Crime, Law and JusticeCrimeJustice SystemPoliticsDrug TraffickingRepublican Party

TALLAHASSEE, Florida — The Florida Department of Health on Friday announced it is going ahead with a disputed prescription drug tracking system to help close down "pill mills" that sell painkillers and other medications to drug dealers and addicts.

Gov. Rick Scott wanted the database scrapped, questioning its effectiveness and arguing it would infringe on patient privacy, but Surgeon General Frank Farmer Jr., a Scott appointee, cleared the way for implementation by rejecting a contract challenge that has held it up for the last four months. Farmer cited a state law passed two years ago to create the monitoring system.

Law enforcement officials say the lack of a database has made Florida the nation's epicenter of prescription drug abuse, attracting buyers from across the country in what's been dubbed the "Flamingo Express."

Attorney General Pam Bondi and Senate President Mike Haridopolos, both strong supporters of the electronic monitoring system, hailed Farmer's order.

"The database will provide `shock and awe' in Florida's efforts to end the criminal abuse of legal prescription drugs," Haridpolos said in a statement.

The Merritt Island Republican, who's also running for the GOP U.S. Senate nomination, said a bill (SB 818) pending in the Florida Senate would strengthen the monitoring system and increase privacy protections.

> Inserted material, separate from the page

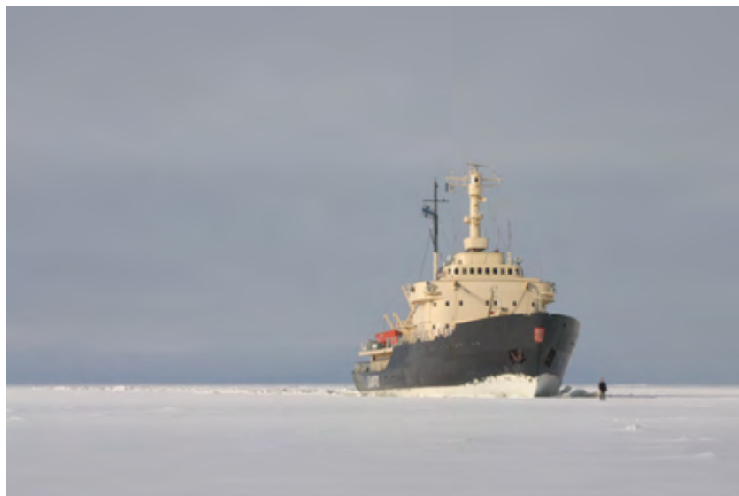
Nummer acht. Everything is going to be alright, 2007, Video 16mm to in alta definizione, 10'

Nell'opera di Van Der Werve l'uomo fugge dalla noia, che l'artista stesso concepisce come motivo fondativo dell'eterno peregrinare dei suoi personaggi nel teatro del mondo.

Legislation, though, has been introduced in the House to repeal the monitoring system. It has support there from House Speaker Dean Cannon, R-Winter Park, as well as Scott.

Bondi said the tracking system "will enable law enforcement to act more quickly in identifying and arresting pill operators."

Scott's office did not immediately respond to a request for comment.

The law creating the monitoring system failed to provide any money for it but established a foundation to seek private contributions and federal grants in conjunction with the governor's Office of Drug Control.

One of Scott's first acts after taking office in January was to disband that office, but the state already has raised enough money to pay for the system for the first two years. That includes $1 million offered by Purdue Pharma, the manufacturer of OxyContin, one of the most widely abused painkillers.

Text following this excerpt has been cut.